— Work instruction —
Among the entries below, find the line with "One pair electronically" and the line with "本网讯(记者 陆宇楠 陈雨捷". Return exactly those lines and every line between them, but no pictures.

— Data for the task —
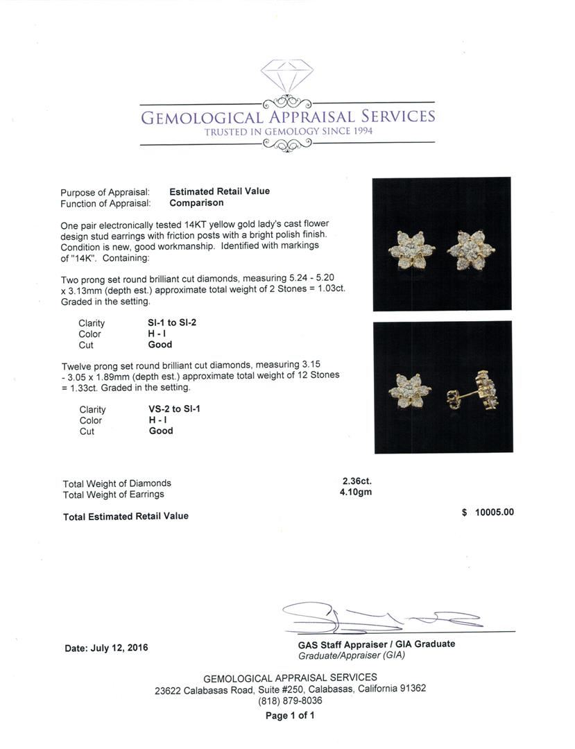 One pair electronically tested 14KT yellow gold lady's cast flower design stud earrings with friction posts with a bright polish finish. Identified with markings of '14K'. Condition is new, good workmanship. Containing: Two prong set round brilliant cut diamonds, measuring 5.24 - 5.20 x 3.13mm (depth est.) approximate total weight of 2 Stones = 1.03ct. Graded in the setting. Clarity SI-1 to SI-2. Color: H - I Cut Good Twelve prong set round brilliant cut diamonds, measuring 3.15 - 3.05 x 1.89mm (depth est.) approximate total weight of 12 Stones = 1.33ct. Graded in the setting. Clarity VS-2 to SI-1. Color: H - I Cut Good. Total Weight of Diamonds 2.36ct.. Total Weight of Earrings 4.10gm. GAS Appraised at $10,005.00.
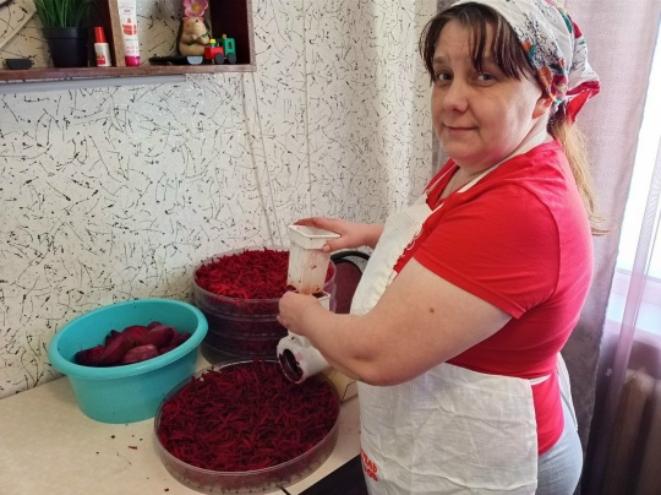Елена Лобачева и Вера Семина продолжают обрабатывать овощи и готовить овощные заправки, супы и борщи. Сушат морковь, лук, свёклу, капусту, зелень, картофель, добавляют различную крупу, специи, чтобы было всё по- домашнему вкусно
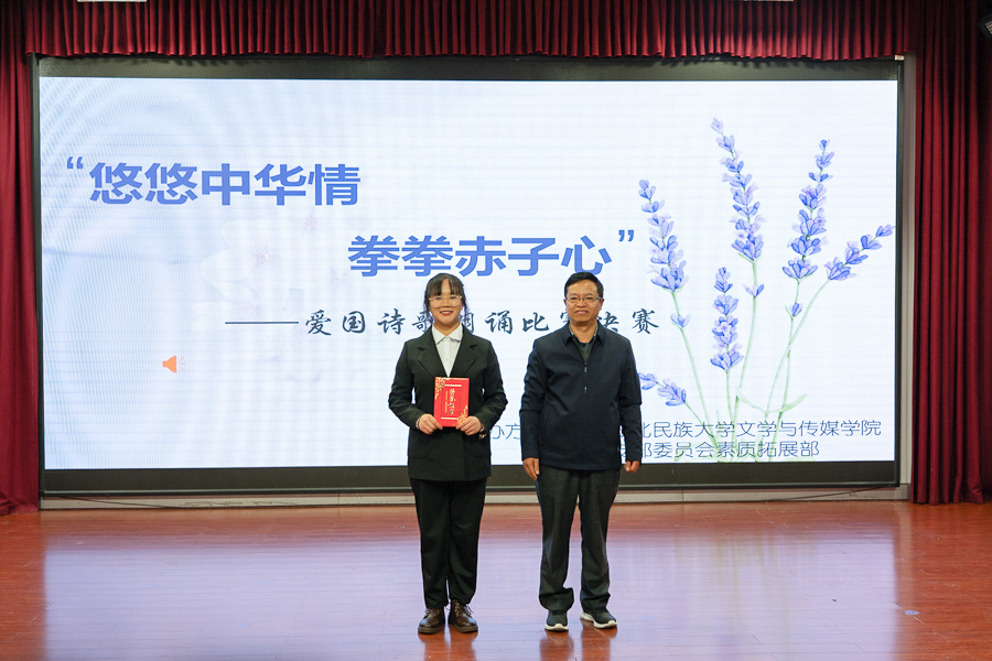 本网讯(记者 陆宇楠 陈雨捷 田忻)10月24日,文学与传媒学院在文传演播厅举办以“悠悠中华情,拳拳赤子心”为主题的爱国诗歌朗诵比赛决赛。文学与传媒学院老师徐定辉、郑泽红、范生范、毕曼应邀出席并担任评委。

---

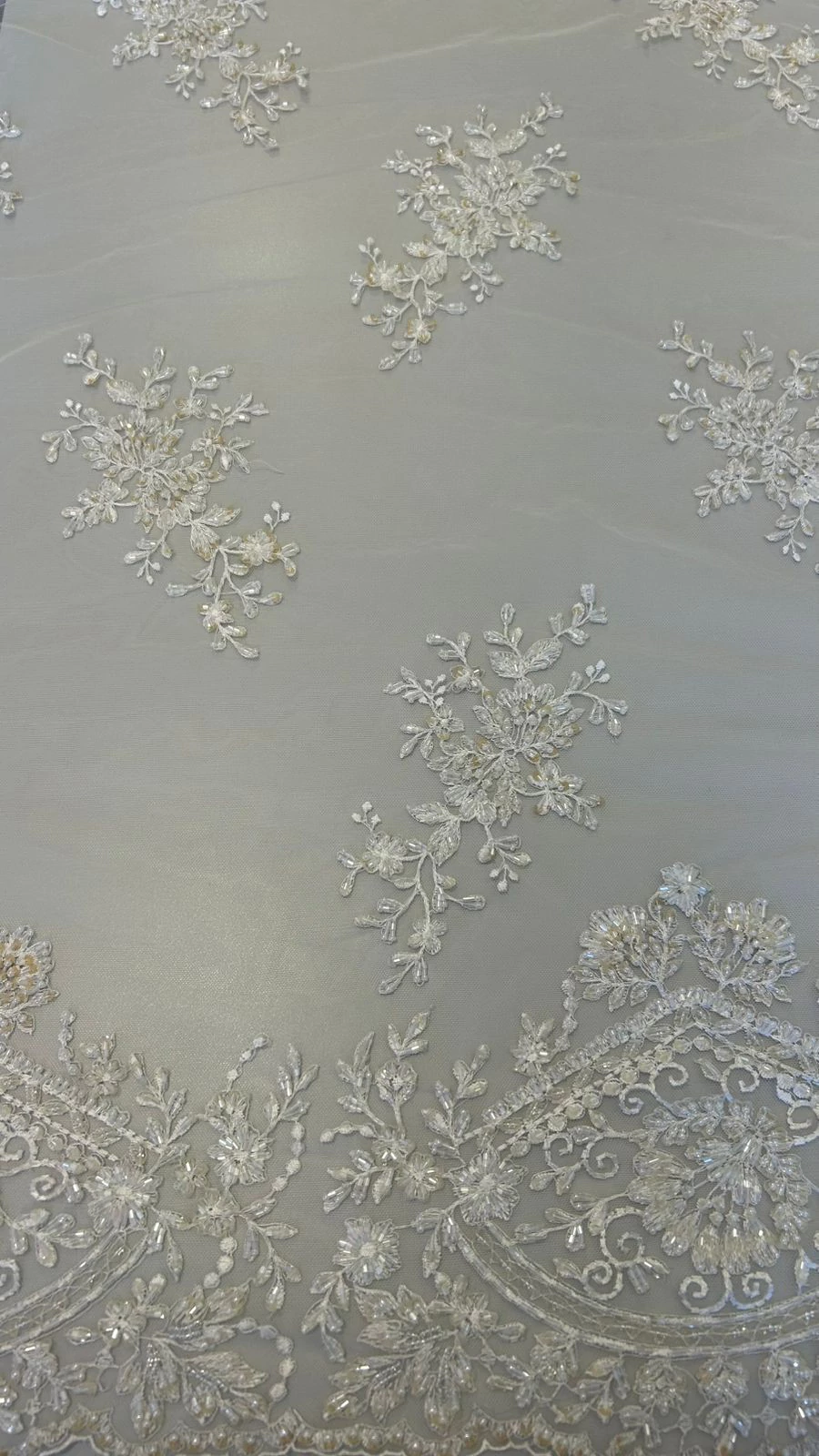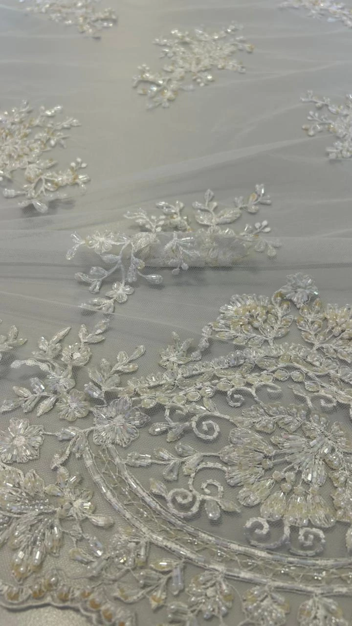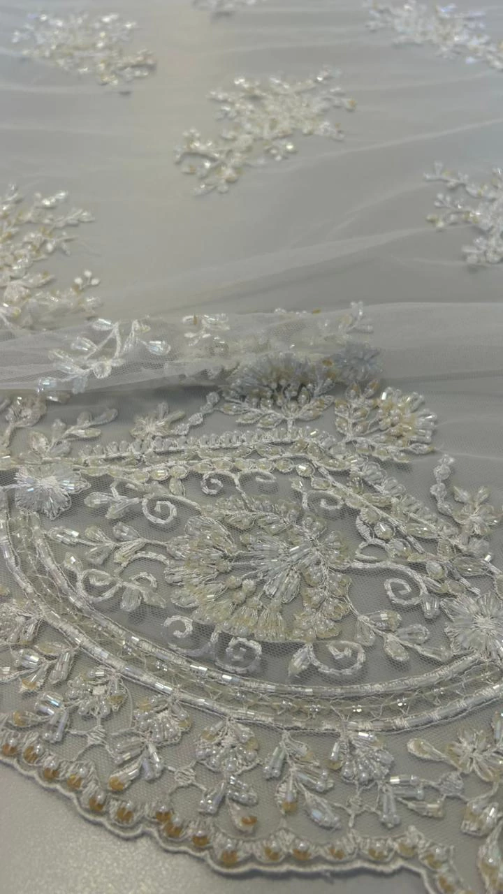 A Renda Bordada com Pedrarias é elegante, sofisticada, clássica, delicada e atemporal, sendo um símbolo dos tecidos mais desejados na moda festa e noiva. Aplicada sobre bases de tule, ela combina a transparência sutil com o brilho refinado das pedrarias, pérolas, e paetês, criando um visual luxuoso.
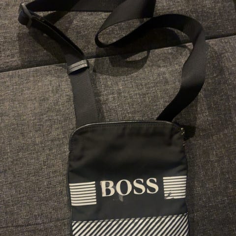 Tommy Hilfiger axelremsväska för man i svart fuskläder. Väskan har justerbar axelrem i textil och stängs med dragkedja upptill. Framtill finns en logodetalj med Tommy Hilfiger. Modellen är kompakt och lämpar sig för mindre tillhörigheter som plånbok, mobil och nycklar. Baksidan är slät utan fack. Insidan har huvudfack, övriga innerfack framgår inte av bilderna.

* * *

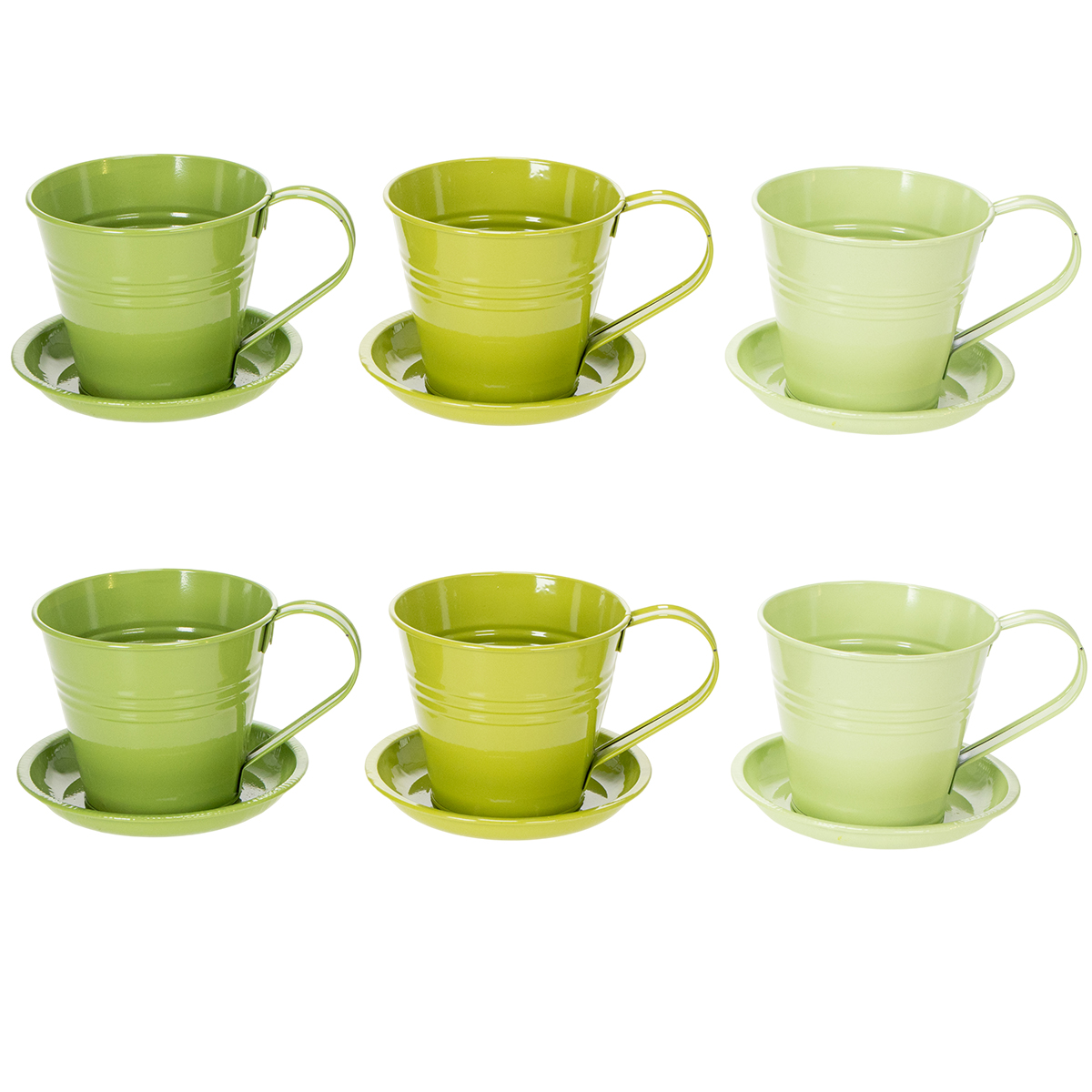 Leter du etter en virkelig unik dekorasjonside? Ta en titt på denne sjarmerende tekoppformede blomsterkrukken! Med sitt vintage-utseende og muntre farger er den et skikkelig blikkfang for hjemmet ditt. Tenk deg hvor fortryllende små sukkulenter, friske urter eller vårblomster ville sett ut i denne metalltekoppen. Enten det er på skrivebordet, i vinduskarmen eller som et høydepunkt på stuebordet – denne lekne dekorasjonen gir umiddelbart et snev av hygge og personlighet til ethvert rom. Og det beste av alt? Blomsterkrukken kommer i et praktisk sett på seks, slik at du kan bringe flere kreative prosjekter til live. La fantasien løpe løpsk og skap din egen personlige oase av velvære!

— Answer section —
 One pair electronically tested 14KT yellow gold lady's cast flower design stud earrings with friction posts with a bright polish finish. Identified with markings of '14K'. Condition is new, good workmanship. Containing: Two prong set round brilliant cut diamonds, measuring 5.24 - 5.20 x 3.13mm (depth est.) approximate total weight of 2 Stones = 1.03ct. Graded in the setting. Clarity SI-1 to SI-2. Color: H - I Cut Good Twelve prong set round brilliant cut diamonds, measuring 3.15 - 3.05 x 1.89mm (depth est.) approximate total weight of 12 Stones = 1.33ct. Graded in the setting. Clarity VS-2 to SI-1. Color: H - I Cut Good. Total Weight of Diamonds 2.36ct.. Total Weight of Earrings 4.10gm. GAS Appraised at $10,005.00.
Елена Лобачева и Вера Семина продолжают обрабатывать овощи и готовить овощные заправки, супы и борщи. Сушат морковь, лук, свёклу, капусту, зелень, картофель, добавляют различную крупу, специи, чтобы было всё по- домашнему вкусно
 本网讯(记者 陆宇楠 陈雨捷 田忻)10月24日,文学与传媒学院在文传演播厅举办以“悠悠中华情,拳拳赤子心”为主题的爱国诗歌朗诵比赛决赛。文学与传媒学院老师徐定辉、郑泽红、范生范、毕曼应邀出席并担任评委。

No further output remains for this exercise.